Re: [slurm-users] Multi-node job failure

2019-12-11 Thread Chris Woelkers - NOAA Federal
I tried a simple thing of swapping out mpirun in the sbatch script for
srun. Nothing more, nothing less.
The model is now working on at least two nodes, I will have to test again
on more but this is progress.

Thanks,

Chris Woelkers
IT Specialist
National Oceanic and Atmospheric Agency
Great Lakes Environmental Research Laboratory
4840 S State Rd | Ann Arbor, MI 48108
734-741-2446


On Wed, Dec 11, 2019 at 10:17 AM Chris Woelkers - NOAA Federal <
chris.woelk...@noaa.gov> wrote:

> Thanks all for the ideas and possibilities. I will answer all in turn.
>
> Paul: Neither of the switches in use, Ethernet and Infiniband, have any
> form of broadcast storm protection enabled.
>
> Chris: I have passed on your question to the scientist that created
> the sbatch script. I will also look into other scripts that may make use of
> srun to find out if the same thing occurs.
>
> Jan-Albert: The mvapich2 package is provided by Bright and loaded as a
> module by the script before mpirun is executed.
>
> Zacarias: The drive that the data and script lives on is used is mounted
> on all the nodes at boot.
>
> Thanks,
>
> Chris Woelkers
> IT Specialist
> National Oceanic and Atmospheric Agency
> Great Lakes Environmental Research Laboratory
> 4840 S State Rd | Ann Arbor, MI 48108
> 734-741-2446
>
>
> On Wed, Dec 11, 2019 at 5:15 AM Zacarias Benta  wrote:
>
>> I had a simmilar issue, please check if the home drive, or the place the
>> data should be stored is mounted on the nodes.
>>
>> On Tue, 2019-12-10 at 14:49 -0500, Chris Woelkers - NOAA Federal wrote:
>>
>> I have a 16 node HPC that is in the process of being upgraded from CentOS
>> 6 to 7. All nodes are diskless and connected via 1Gbps Ethernet and FDR
>> Infiniband. I am using Bright Cluster Management to manage it and their
>> support has not found a solution to this problem.
>> For the most part the cluster is up and running with all nodes booting
>> and able to communicate with each other via all interfaces on a basic level.
>> Test jobs, submitted via sbatch, are able to run on one node with no
>> problem but will not run on multiple nodes. The jobs are using mpirun and
>> mvapich2 is installed.
>> Any job trying to run on multiple nodes ends up timing out, as set via
>> -t, with no output data written and no error messages in the slurm.err or
>> slurm.out files. The job shows up in the squeue output and the nodes used
>> show up as allocated in the sinfo output.
>>
>> Thanks,
>>
>> Chris Woelkers
>> IT Specialist
>> National Oceanic and Atmospheric Agency
>> Great Lakes Environmental Research Laboratory
>> 4840 S State Rd | Ann Arbor, MI 48108
>> 734-741-2446
>>
>> --
>>
>> Cumprimentos / Best Regards,
>> Zacarias Benta
>> INCD @ LIP - UMinho
>>
>>
>>


Re: [slurm-users] Multi-node job failure

2019-12-11 Thread Chris Woelkers - NOAA Federal
Thanks all for the ideas and possibilities. I will answer all in turn.

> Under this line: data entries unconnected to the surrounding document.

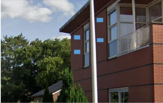
Figuur 9 Manier waarop de huismuskasten aan de noordoostgevel van de brandweerkazerne kunnen worden geplaatst.
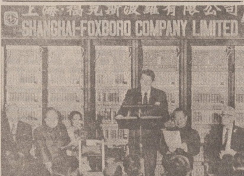
SZANGHAJ, CHINY. — Prezydent Ronald Reagan w ostatnim dniu swego pobytu w Chinach wygłosił przemówienie do pracowników jednej z firm przemysłowych zainteresowanych współpracą z firmami amerykańskimi.

Cena złota wzrosła w Londynie do $376.35 za uncję.
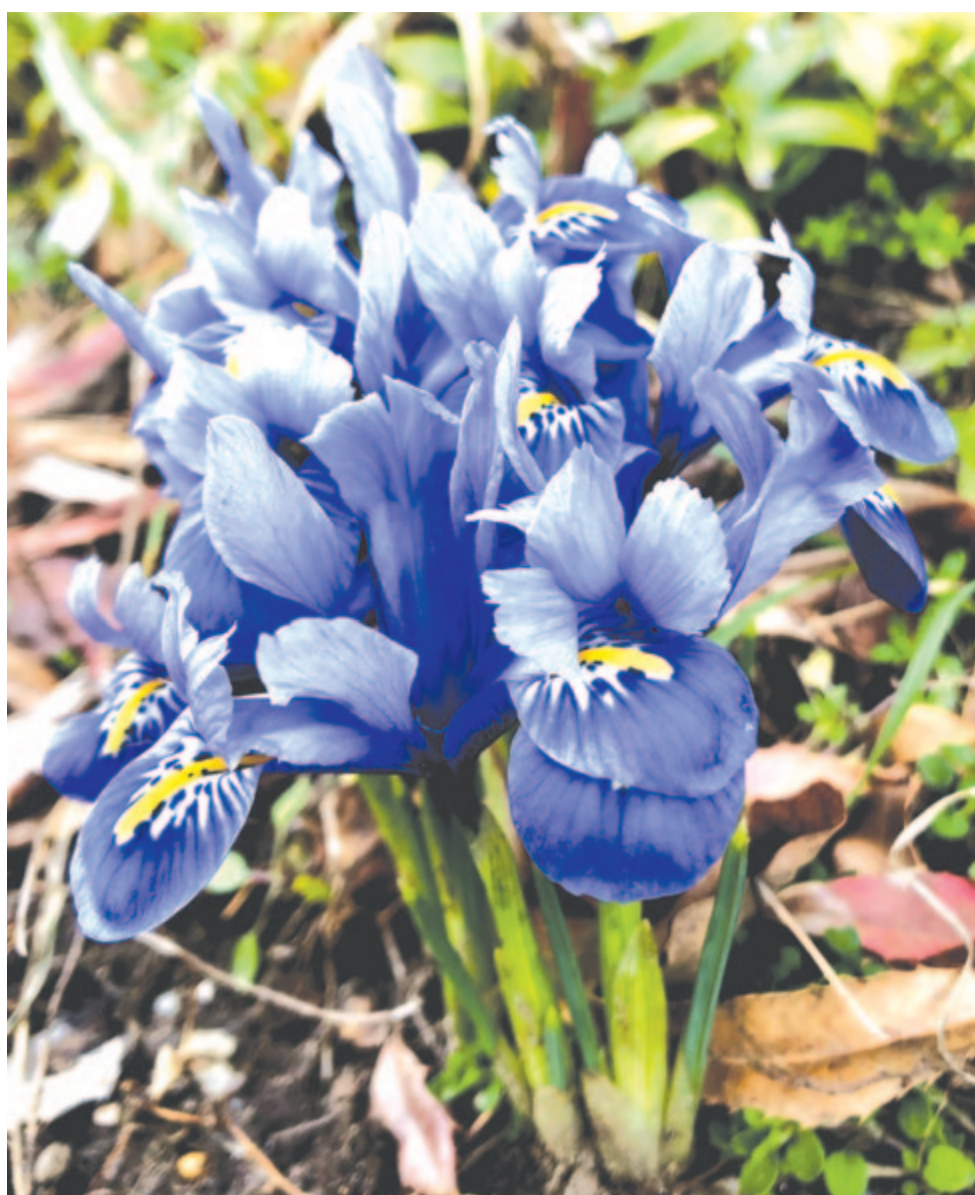
A gyámoltalan virág virulni akar – békeváró tavasz

Haragszik és dül-fül az Isten vagy csak talán alszik az égből, aluszik vagy halott is éppen – ki költi őt föl, emberek? Anyák, sírjátok hangosabban:
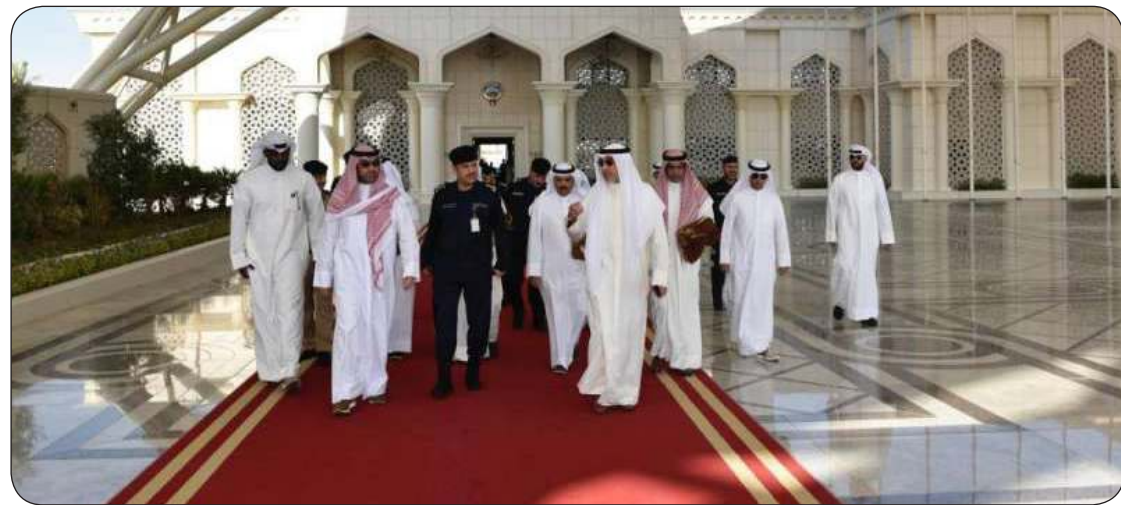
اليوسف خلال مغادرته إلى العراق للمشاركة في المؤتمر

وذكرت وزارة الداخلية العراقية في بيان، أن وزير الداخلية العراقي عبد الأمير الشمري كان على رأس مستقبلي الشيخ فهد

Paul: Neither of the switches in use, Ethernet and Infiniband, have any
form of broadcast storm protection enabled.

Chris: I have passed on your question to the scientist that created
the sbatch script. I will also look into other scripts that may make use of
srun to find out if the same thing occurs.

Jan-Albert: The mvapich2 package is provided by Bright and loaded as a
module by the script before mpirun is executed.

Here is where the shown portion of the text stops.